| Saved entries |
____________

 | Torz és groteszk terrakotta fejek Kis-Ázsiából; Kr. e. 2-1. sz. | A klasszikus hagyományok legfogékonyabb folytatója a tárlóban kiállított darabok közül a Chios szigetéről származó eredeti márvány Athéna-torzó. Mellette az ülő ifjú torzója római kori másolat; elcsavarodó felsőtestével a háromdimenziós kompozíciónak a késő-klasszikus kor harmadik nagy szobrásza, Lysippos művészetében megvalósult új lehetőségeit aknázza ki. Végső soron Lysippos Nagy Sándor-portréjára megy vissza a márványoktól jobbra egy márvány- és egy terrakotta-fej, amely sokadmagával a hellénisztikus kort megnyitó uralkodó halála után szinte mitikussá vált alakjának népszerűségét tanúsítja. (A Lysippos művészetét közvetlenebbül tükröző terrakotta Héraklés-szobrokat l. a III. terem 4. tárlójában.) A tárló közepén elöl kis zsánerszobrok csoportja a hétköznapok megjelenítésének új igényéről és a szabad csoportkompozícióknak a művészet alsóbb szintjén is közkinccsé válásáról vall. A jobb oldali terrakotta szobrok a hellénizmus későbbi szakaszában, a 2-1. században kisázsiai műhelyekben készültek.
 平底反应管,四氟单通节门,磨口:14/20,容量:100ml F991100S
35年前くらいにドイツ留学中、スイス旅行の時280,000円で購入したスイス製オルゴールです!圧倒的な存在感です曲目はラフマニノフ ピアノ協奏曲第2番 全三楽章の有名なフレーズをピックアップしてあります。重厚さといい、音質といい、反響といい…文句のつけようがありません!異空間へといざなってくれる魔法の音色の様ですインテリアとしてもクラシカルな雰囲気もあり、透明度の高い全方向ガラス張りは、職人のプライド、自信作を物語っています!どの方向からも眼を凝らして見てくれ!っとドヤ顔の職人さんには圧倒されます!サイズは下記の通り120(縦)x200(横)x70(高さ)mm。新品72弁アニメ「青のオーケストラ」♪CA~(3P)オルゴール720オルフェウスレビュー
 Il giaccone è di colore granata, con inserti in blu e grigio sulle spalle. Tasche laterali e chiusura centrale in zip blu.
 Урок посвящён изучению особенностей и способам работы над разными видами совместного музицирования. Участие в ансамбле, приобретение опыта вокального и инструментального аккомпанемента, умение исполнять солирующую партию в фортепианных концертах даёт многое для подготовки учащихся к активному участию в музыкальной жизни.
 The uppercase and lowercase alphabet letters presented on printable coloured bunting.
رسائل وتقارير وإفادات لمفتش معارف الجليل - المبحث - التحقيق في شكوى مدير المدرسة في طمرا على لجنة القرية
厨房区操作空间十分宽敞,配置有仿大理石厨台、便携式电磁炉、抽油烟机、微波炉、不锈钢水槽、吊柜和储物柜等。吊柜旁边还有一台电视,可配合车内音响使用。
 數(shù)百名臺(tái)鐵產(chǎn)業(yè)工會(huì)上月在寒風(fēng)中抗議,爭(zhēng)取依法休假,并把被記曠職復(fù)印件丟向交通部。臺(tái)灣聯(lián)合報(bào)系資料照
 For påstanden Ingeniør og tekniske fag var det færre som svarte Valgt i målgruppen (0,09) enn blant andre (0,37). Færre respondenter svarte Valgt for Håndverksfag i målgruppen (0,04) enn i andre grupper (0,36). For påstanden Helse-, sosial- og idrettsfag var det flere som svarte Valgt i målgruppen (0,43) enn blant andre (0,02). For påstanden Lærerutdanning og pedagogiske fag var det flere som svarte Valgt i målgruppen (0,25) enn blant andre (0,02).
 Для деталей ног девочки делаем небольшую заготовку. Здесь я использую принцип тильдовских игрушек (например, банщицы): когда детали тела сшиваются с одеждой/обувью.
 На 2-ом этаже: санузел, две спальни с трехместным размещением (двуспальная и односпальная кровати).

____________

From the line holding "Для деталей ног" down to the last line of the records above, restate each line exactly as written.

| TASK RESULT |
 Для деталей ног девочки делаем небольшую заготовку. Здесь я использую принцип тильдовских игрушек (например, банщицы): когда детали тела сшиваются с одеждой/обувью.
 На 2-ом этаже: санузел, две спальни с трехместным размещением (двуспальная и односпальная кровати).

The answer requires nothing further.